7.31.2017

an open letter to loblaw: greed is not good -- especially for public relations

Loblaw Companies Limited
1 President's Choice Circle
Brampton, Ontario, L6Y 5S5
Attention: LCL Customer Relations Centre

Dear Loblaw Ltd.:

I am a Loblaw customer and I was extremely disappointed by recent public statements made by Loblaw CEO Galen Weston, Jr., regarding the proposed raise of the minimum wage in Ontario. Mr. Weston claimed that the proposed wage hikes will result in higher prices and more self-checkout aisles, and speaks about labour costs "ballooning" by $190 million.*

Mr. Weston clearly values Loblaw's shareholders more than it cares about its customers. When I spend my hard-earned money, I don't think it's too much to ask the store to provide check-out and bagging, and for there to be adequate staff on-hand to minimize time spent waiting in line. Instead, Mr. Weston implies that if the minimum wage is increased, I will be forced to provide his very profitable company with free labour by doing my own checkout.

When a company posts $990 million in profit in one year (2016), it is reasonable to expect it to raise employees' wages, provide more hours (which means better service for customers), and consistent scheduling.
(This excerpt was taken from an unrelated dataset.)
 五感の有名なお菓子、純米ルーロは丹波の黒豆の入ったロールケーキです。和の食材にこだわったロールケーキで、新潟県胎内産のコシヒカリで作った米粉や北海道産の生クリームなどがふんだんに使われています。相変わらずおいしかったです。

I can imagine that Mr. Weston, who is the second-richest person in Canada, does not understand what it's like to (try to) survive on a part-time, minimum-wage job. Not only is the wage well below a basic standard of living, but hours are inadequate, ensuring the need for a second job. Inconsistent scheduling makes it impossible for workers to hold a second job -- or to attend school, which might increase their chances of ever earning more than minimum wage! By paying minimum wage and offering only precarious work, Loblaw contributes to poverty in Canada.

And then there's the company's image. From a public relations point of view, wouldn't it be smarter for Mr. Weston to champion the minimum-wage increase, and voice its concern for its employees, rather than whining about the cost of running his wildly profitable business? Mr. Weston would do well to listen to Toronto Star business columnist Jennifer Wells, who reminds him "that the company’s people are assets, not just a cost centre". (It's an excellent column: I hope Mr. Weston will read it.)
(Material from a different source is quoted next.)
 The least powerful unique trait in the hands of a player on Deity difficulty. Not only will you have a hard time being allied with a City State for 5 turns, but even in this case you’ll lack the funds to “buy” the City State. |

It's not too late for Mr. Weston to salvage the company's public image. I look forward to reading his retraction and apology, and Loblaw's support for more fair and livable employment laws in Ontario.

Sincerely,

Laura Kaminker
Mississauga, Ontario



* Although the word "ballooning" is not quoted directly, every media story about Mr. Weston's statement uses it -- not a coincidence. I was unable to locate the media release online.